----- SOURCE DATA

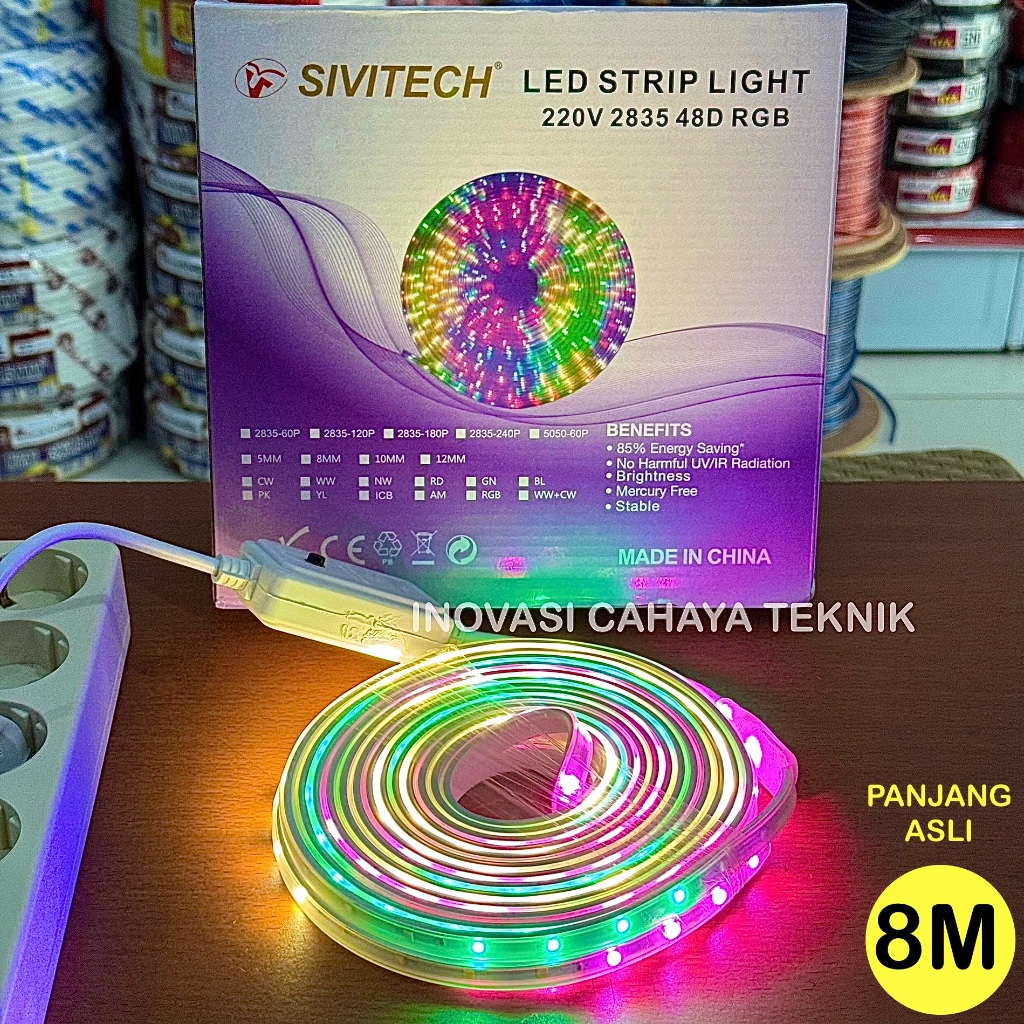 Lampu LED Strip Selang RGB 8M Full Anti air, Lampu Selang Warna Warni, LED Selang Sudah Termasuk Adaptornya
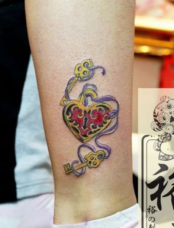 腿部彩色爱心锁钥匙纹身图案_腿部纹身图案大全_纹身图吧
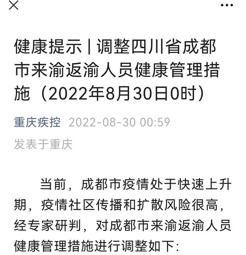 【轻易别去成都!成都来渝严管!重庆调整成都来渝返渝人员健康管理措施】调整理由:当前成都疫情处于上升期,存在较大社区传播和扩散风险!调整时间:8月30日0时起调整内容:1:离渝人员:提醒市民近期不要轻易前往成都及四川其它疫情重点地区;2:来渝返渝:分三类管理:A:近7日内从成都高、中风险来渝返渝人员进行7天集中隔离;B:近7日内从成都除高、中风险区外其它地区来渝返渝人员实行3天居家隔离,并进行3天2
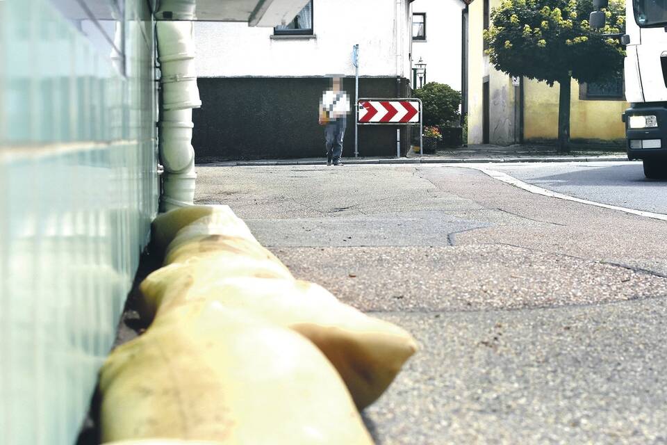 Mit Sandsäcken schützten die Epfenbacher Bürger in der Ortsmitte ihre Keller. Foto: Christiane Barth
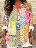 Floral Basic Casual Long Sleeve V Neck Regular Tops
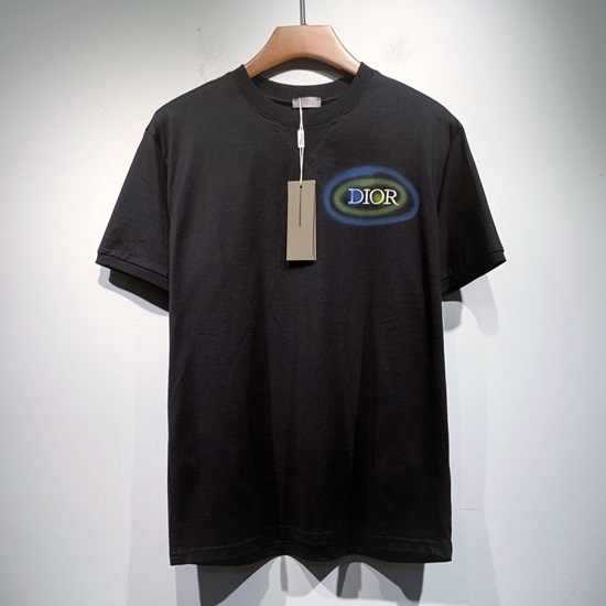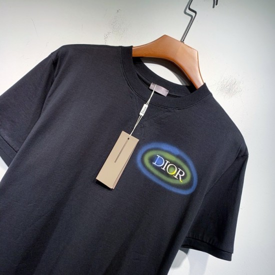 -ディオールユニセックスカジュアルクルーネック半袖Tシャツo01302ブラック

----------

▶ [TASK OBJECTIVE]
Write every record out again exactly as written. Pictures don't belong in the copy.

▶ [ANSWER TO THIS PROBLEM]
 Lampu LED Strip Selang RGB 8M Full Anti air, Lampu Selang Warna Warni, LED Selang Sudah Termasuk Adaptornya
 腿部彩色爱心锁钥匙纹身图案_腿部纹身图案大全_纹身图吧
 【轻易别去成都!成都来渝严管!重庆调整成都来渝返渝人员健康管理措施】调整理由:当前成都疫情处于上升期,存在较大社区传播和扩散风险!调整时间:8月30日0时起调整内容:1:离渝人员:提醒市民近期不要轻易前往成都及四川其它疫情重点地区;2:来渝返渝:分三类管理:A:近7日内从成都高、中风险来渝返渝人员进行7天集中隔离;B:近7日内从成都除高、中风险区外其它地区来渝返渝人员实行3天居家隔离,并进行3天2
 Mit Sandsäcken schützten die Epfenbacher Bürger in der Ortsmitte ihre Keller. Foto: Christiane Barth
 Floral Basic Casual Long Sleeve V Neck Regular Tops
 -ディオールユニセックスカジュアルクルーネック半袖Tシャツo01302ブラック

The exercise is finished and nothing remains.